We have two tools here, the language SL/I and its  implementation within the DA.  Neither can detect logic errors
 either of omission or commission.  I would like them to do so,
 but some genius proved that it was impossible for any
 software (or hardware) to do.  They can, however, in their
 visual output, logical organization, and exhaustive true/false
 proof tell you the results of that logic.  It's up to you to
 validate these results in terms of what you expect.  At best
 then they provide a multiplicity of aids.  Your option, should
 you choose to exercise it, lies in validating without the use of
 aids: like performing a peer review of your own, i.e. reading,
 on the code you have written.
 
 
In effect every implementation offers a form of peer review.   This allows you to verify that you wrote what you thought
 you wrote.  If after exhaustive testing it produces only the
 expected results either true or false, then you wrote it
 correctly.  Otherwise not.  You have the additional
 requirement to know what to expect.  You ought to know
 what you want.  The implementation can only tell you what
 you get.  If they don't match, you have a problem.
 
 
Do not focus on SL/I.  I created it only to overcome the  deficiencies I feel in Prolog, the dominant logic programming
 language.  If it didn't have them or could easily overcome
 them, I would not have come up with SL/I.  Unfortunately I'm
 an old man with nearly 40 years experience with PL/I.  The
 gap between it and any other programming language is huge.

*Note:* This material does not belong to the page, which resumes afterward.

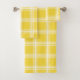 Este juego de toallas de baño presenta un sencillo patrón de yeso en blanco y amarillo limón.

 No one, not even Wirth in his evolutionary approach of
 programming languages comes close.  To get to a universal
 specification language based on PL/I means traveling a far
 shorter distance in time with fewer changes than any other.  I
 could have called it PL/II, but chose instead SL/I.
 
 
You need not focus on SL/I or PL/I.  You need to focus on  logic programming and its embedded use of a two-stage proof
 engine.  Then pick any language of your choice and upgrade it
 accordingly.  The object lies in increasing your productivity so
 that you have more time to detect and correct errors prior to
 releasing them on an unsuspecting world...which unfortunately
 has come to expect it.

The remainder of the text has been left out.